Edinburgh New Town

Edinburgh Princes Gardens sketches

We took a walk through Princes Street Gardens, which are absolutely lovely. Possibly one of my favourite things about Edinburgh. It’s great being up high and seeing over everything, but it was really relaxing being down low, and looking up at it all from among trees and flowers. I did a couple of quick sketches in my small Fabriano Venezia book, to capture the mood. Edinburgh is a lovely city. These gardens are the sort of place to sit and read a novel. They love their writers in Edinburgh – Sir Walter Scott has that absolutely massive monument by this park, the biggest I’ve ever seen for a novelist anywhere, 200 ft high. Apparently it’s the second biggest in the world, because there’s one in Havana dedicated to Cuban nationalist hero José Martí that is bigger, and since he was also a writer, well it means the Scott Monument isn’t the biggest one for a writer. Just the second biggest, which is fine.

We walked through the parks and there was an old time band playing old time music, I think it was for a gathering of veterans as there were lots of elderly people in uniforms with kilts, it was a nice event underneath the shadow of the castle. We had a cold drink and went off for lunch, before exploring some more of New Town, following a walk from my guide book.
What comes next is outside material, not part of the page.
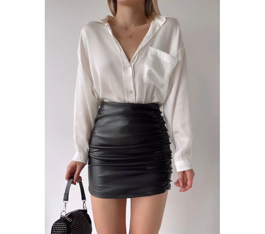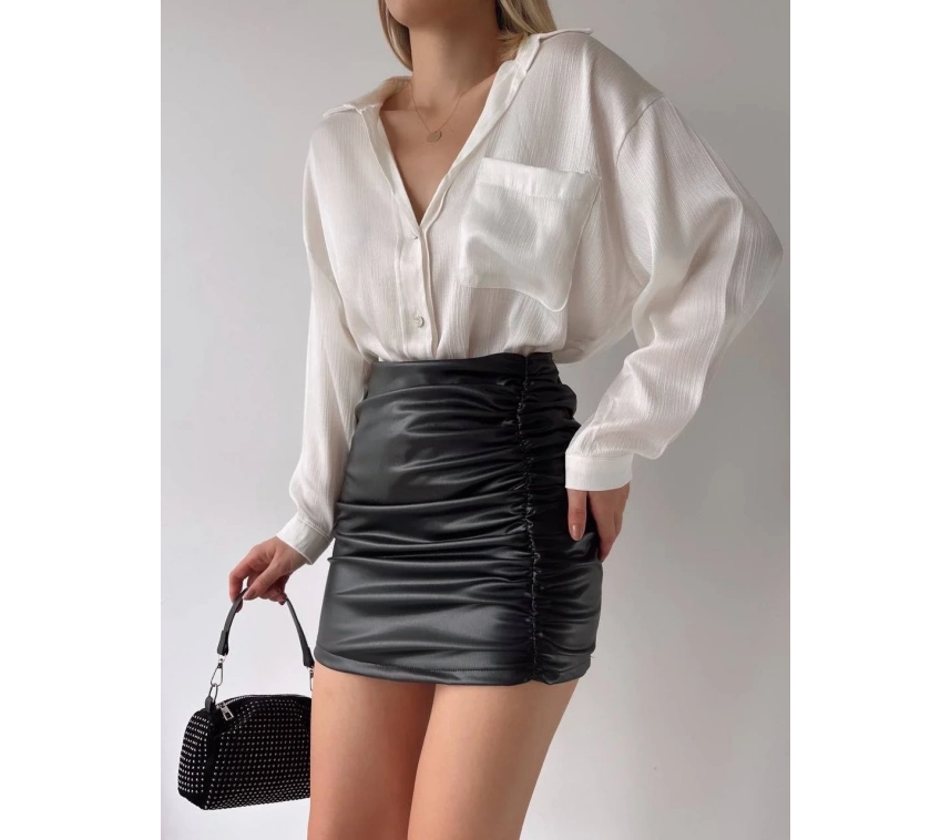 Farklı bir tarz arayan kadınların tercihi Önden Büzgülü Etek Siyah H24210, şıklığı ve rahatlığı bir arada sunuyor.

Edinburgh 17 Heriot Row sm

New Town is (obviously) a lot newer than Old Town (wow, this is epic level travel writing here Pete, you’ll be competing with Rick Steves at this rate) but still historic and actually a UNESCO heritage area. Many of the buildings are Georgian (I suppose) and laid out very mathematically (I guess). It was a different vibe to Old Town and seemed to have fewer cashmere shops per square metre. We found ourselves on Heriot Row, which is where Robert Louis Stevenson lived as a child. Edinburgh loves its writers, and he’s one of the most famous, writing Treasure Island, Strange Case of Dr.Jekyll and Mr. Hyde, A Child’s Garden of Verses (personal favourite of mine as a kid and as a parent), and loads of other stuff, I mean the guy was a literary legend. Does he have a monument as big as Walter Scott? He has little monuments all over the place. Maybe Robert Louis Stevenson’s true monument is his body of work. That said, he does have a massive state park named after him in California not too far from us. It is (checks Wikipedia) in fact the largest state park in California named after a writer, at 5,990 acres, so well done Robert. Jack London’s state park is only 1,611 acres and he’s a native Californian. We found Robert Louis Stevenson’s childhood home at 17 Heriot Row, and so I added that house into my sketchbook. I’ve loved his poems since I was a kid so this was really fun to see.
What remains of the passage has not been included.